1. 08 Jan, 2019 1 commit
    • Ido Schimmel's avatar
      net: bridge: Fix VLANs memory leak · 27973793
      Ido Schimmel authored
      When adding / deleting VLANs to / from a bridge port, the bridge driver
      first tries to propagate the information via switchdev and falls back to
      the 8021q driver in case the underlying driver does not support
      switchdev. This can result in a memory leak [1] when VXLAN and mlxsw
      ports are enslaved to the bridge:
      
      $ ip link set dev vxlan0 master br0
      # No mlxsw ports are enslaved to 'br0', so mlxsw ignores the switchdev
      # notification and the bridge driver adds the VLAN on 'vxlan0' via the
      # 8021q driver
      $ bridge vlan add vid 10 dev vxlan0 pvid untagged
      # mlxsw port is enslaved to the bridge
      $ ip link set dev swp1 master br0
      # mlxsw processes the switchdev notification and the 8021q driver is
      # skipped
      $ bridge vlan del vid 10 dev vxlan0
      
      This results in 'struct vlan_info' and 'struct vlan_vid_info' being
      leaked, as they were allocated by the 8021q driver during VLAN addition,
      but never freed as the 8021q driver was skipped during deletion.
      
      Fix this by introducing a new VLAN private flag that indicates whether
      the VLAN was added on the port by switchdev or the 8021q driver. If the
      VLAN was added by the 8021q driver, then we make sure to delete it via
      the 8021q driver as well.
      
      [1]
      unreferenced object 0xffff88822d20b1e8 (size 256):
        comm "bridge", pid 2532, jiffies 4295216998 (age 1188.830s)

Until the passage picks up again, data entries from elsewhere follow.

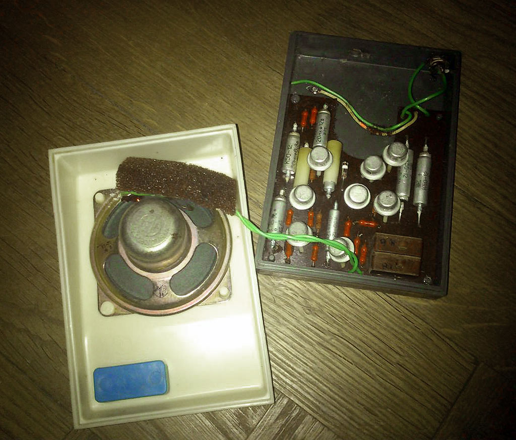 из которых смонтирован усилитель ЗЧ на транзисторах. В другом переговорном
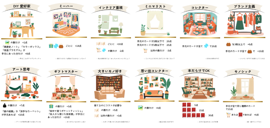あなたの理想空間を表す「ビジョンカード」は全部で12枚。是非ともお気に入りのビジョンを目指してみてください!
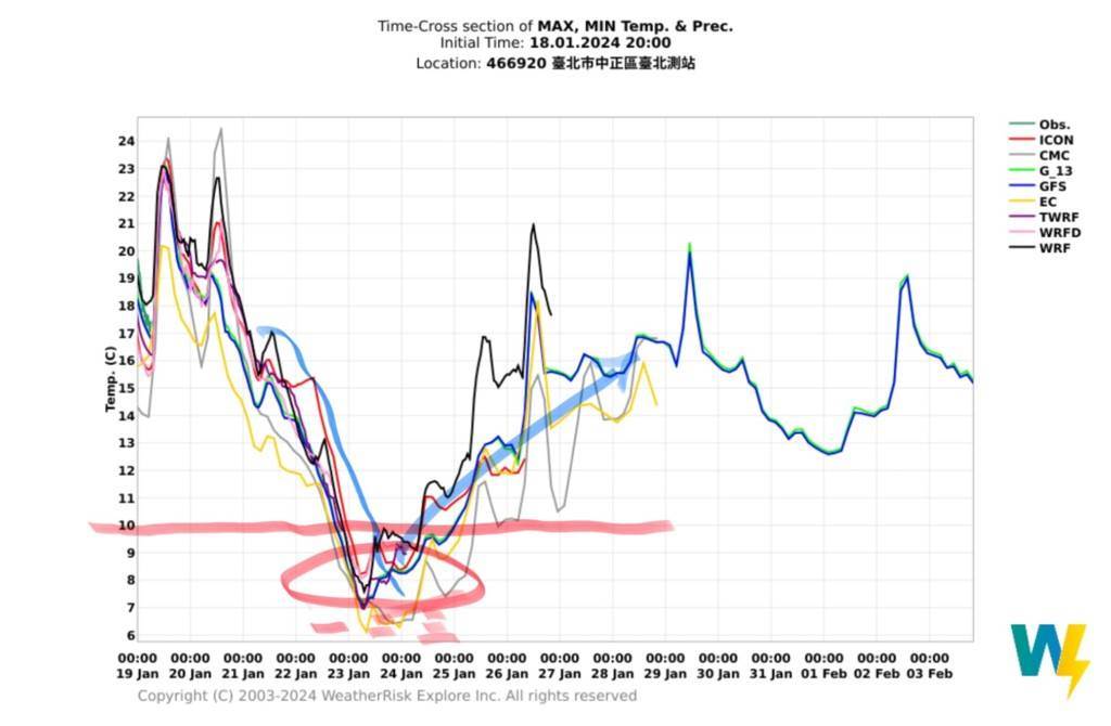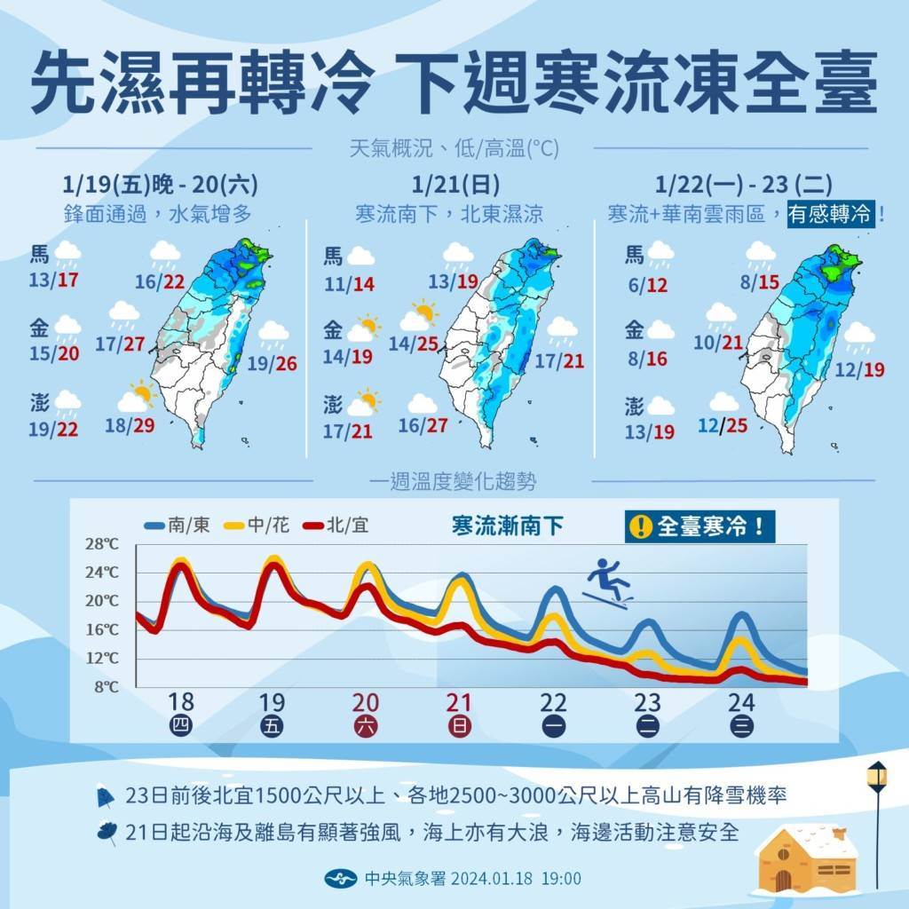 至于民眾最關心的最強寒流將在周日 (21) 報到,到下周三 (24) 全台溫度一路下降,下周一 (22) 又受及華南雲雨區影響,又濕又冷,週三 (24) 才逐漸轉乾。而最冷時間落在下周二 (23) 到下周四 (25) 清晨,其中下周三 (24) 因0度線卡在台灣北端,屆時新竹市、苗栗縣體感溫度最低恐只有1度。
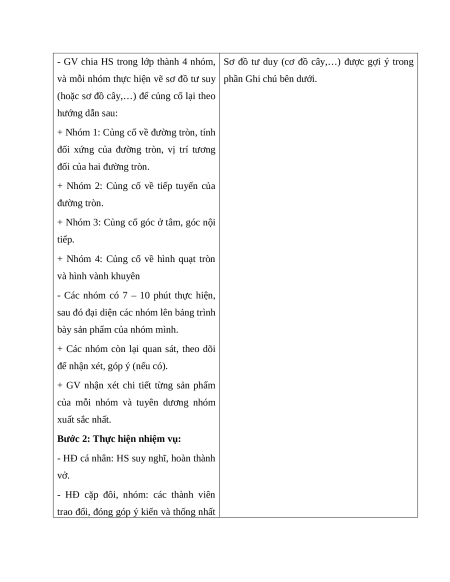 và mỗi nhóm thực hiện vẽ sơ đồ tư suy phần Ghi chú bên dưới.
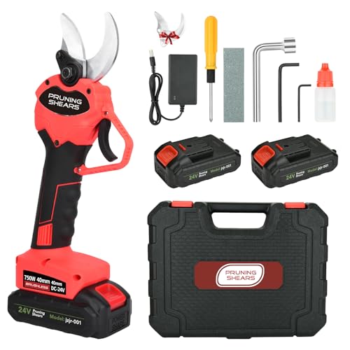 40 mm trådlös elsekator: Elektrisk sekatör med 2 x 3 000 mAh batteri, SK5 rostsäker trädgårdsskärare med säkerhetslås (röd)
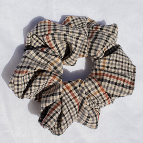 Who doesn’t love plaid? The Charlie is a beautiful beige scrunchie with earthy tones of red, black and white.
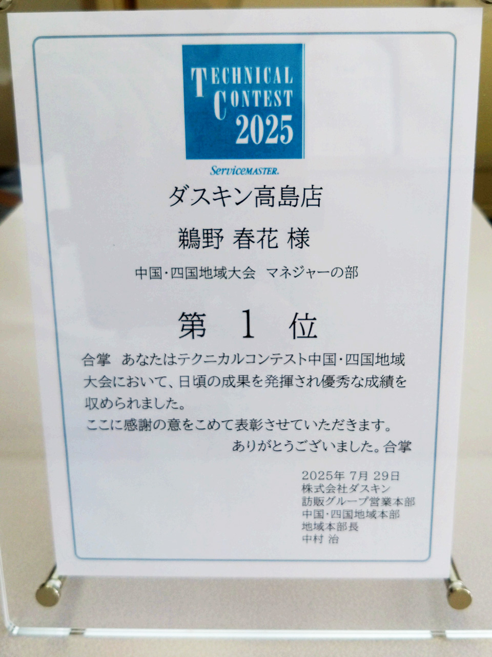 このたび、株式会社ダスキン本部主催「テクニカルコンテスト2025」において、弊社 ダスキン高島店店長の鵜野 春花 が、岡山県エリア予選・中国四国地域予選を勝ち進み、2025年10月17日(金)に大阪本部で開催される全国大会へ出場することとなりました。
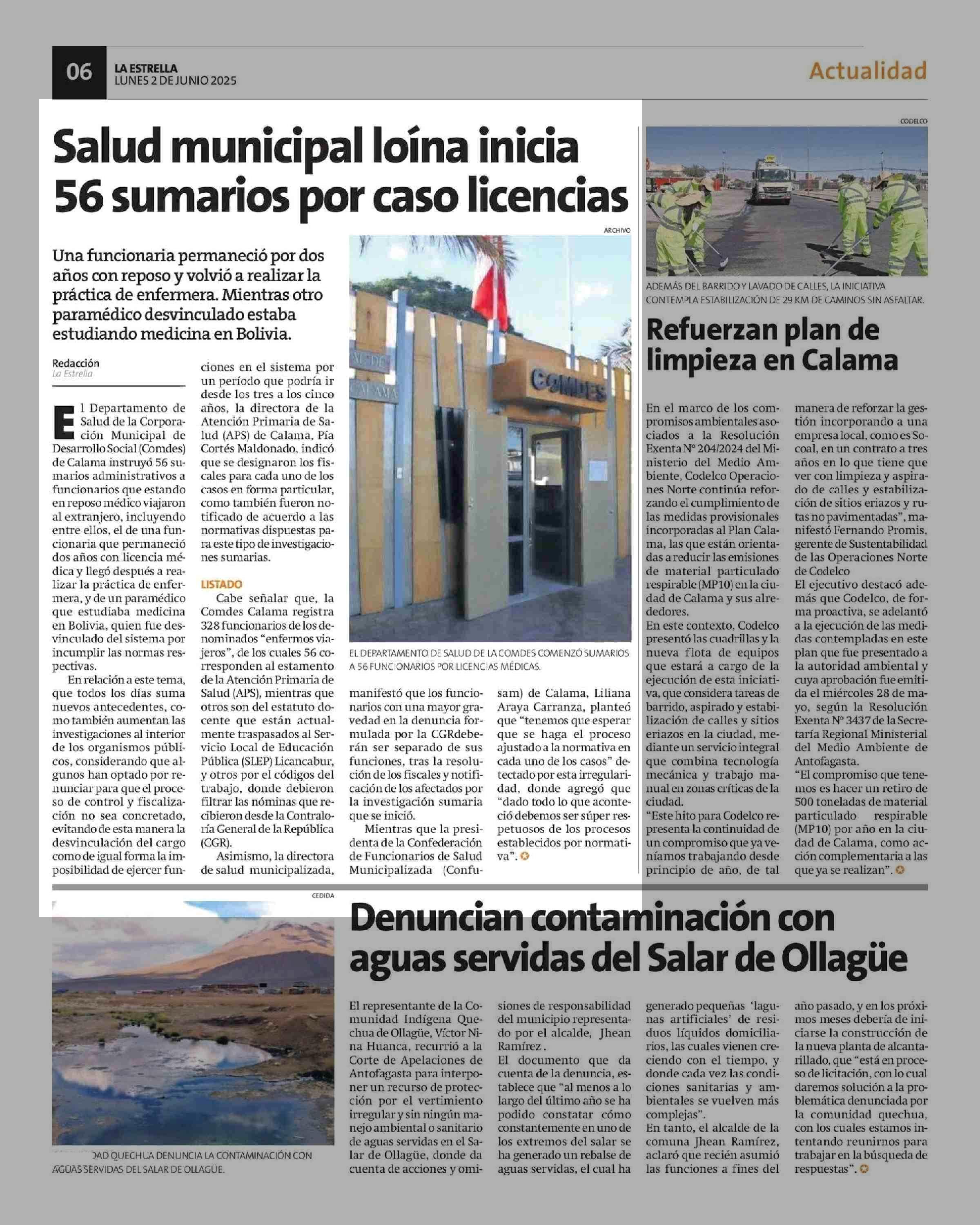 Salud municipal loína inicia 56 sumarios por caso licencias 02-06-2025 La Estrella de Antofagasta |
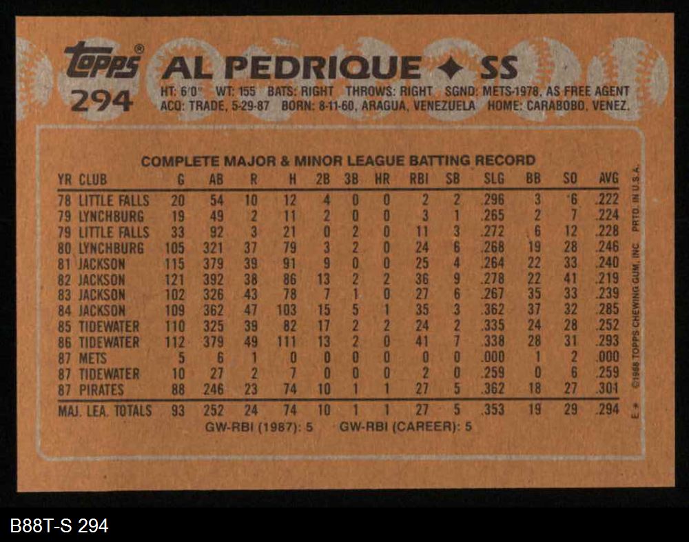 1988 Topps #294 Al Pedrique 8 - NM/MT
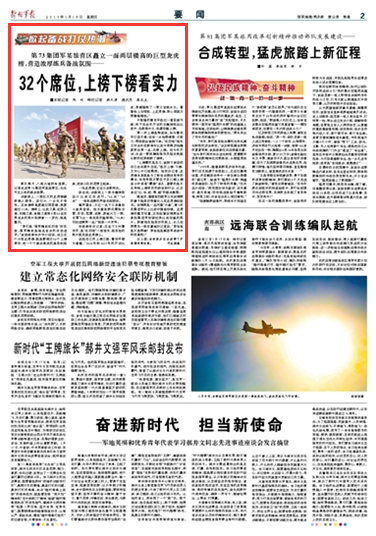 第73集團(tuán)軍某旅營(yíng)區(qū)設(shè)立這個(gè)大型龍虎榜,通過32個(gè)上榜席位,把一個(gè)個(gè)練兵備戰(zhàn)的典型樹起來,把戰(zhàn)斗隊(duì)的思想立起來。請(qǐng)關(guān)注今天出版的《解放軍報(bào)》的報(bào)道——
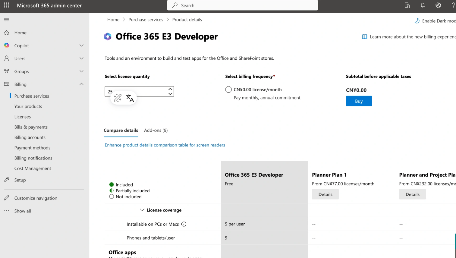 filter 过滤 e3 找到 Office 365 E3 Devloper.... 点Details

        hex dump (first 32 bytes):
          e0 42 97 ce 81 88 ff ff 00 00 00 00 00 00 00 00  .B..............
          00 00 00 00 00 00 00 00 00 00 00 00 00 00 00 00  ................
        backtrace:
          [<00000000f82d851d>] kmem_cache_alloc_trace+0x1be/0x330
          [<00000000e0178b02>] vlan_vid_add+0x661/0x920
          [<00000000218ebd5f>] __vlan_add+0x1be9/0x3a00
          [<000000006eafa1ca>] nbp_vlan_add+0x8b3/0xd90
          [<000000003535392c>] br_vlan_info+0x132/0x410
          [<00000000aedaa9dc>] br_afspec+0x75c/0x870
          [<00000000f5716133>] br_setlink+0x3dc/0x6d0
          [<00000000aceca5e2>] rtnl_bridge_setlink+0x615/0xb30
          [<00000000a2f2d23e>] rtnetlink_rcv_msg+0x3a3/0xa80
          [<0000000064097e69>] netlink_rcv_skb+0x152/0x3c0
          [<000000008be8d614>] rtnetlink_rcv+0x21/0x30
          [<000000009ab2ca25>] netlink_unicast+0x52f/0x740
          [<00000000e7d9ac96>] netlink_sendmsg+0x9c7/0xf50
          [<000000005d1e2050>] sock_sendmsg+0xbe/0x120
          [<00000000d51426bc>] ___sys_sendmsg+0x778/0x8f0
          [<00000000b9d7b2cc>] __sys_sendmsg+0x112/0x270
      unreferenced object 0xffff888227454308 (size 32):
        comm "bridge", pid 2532, jiffies 4295216998 (age 1188.882s)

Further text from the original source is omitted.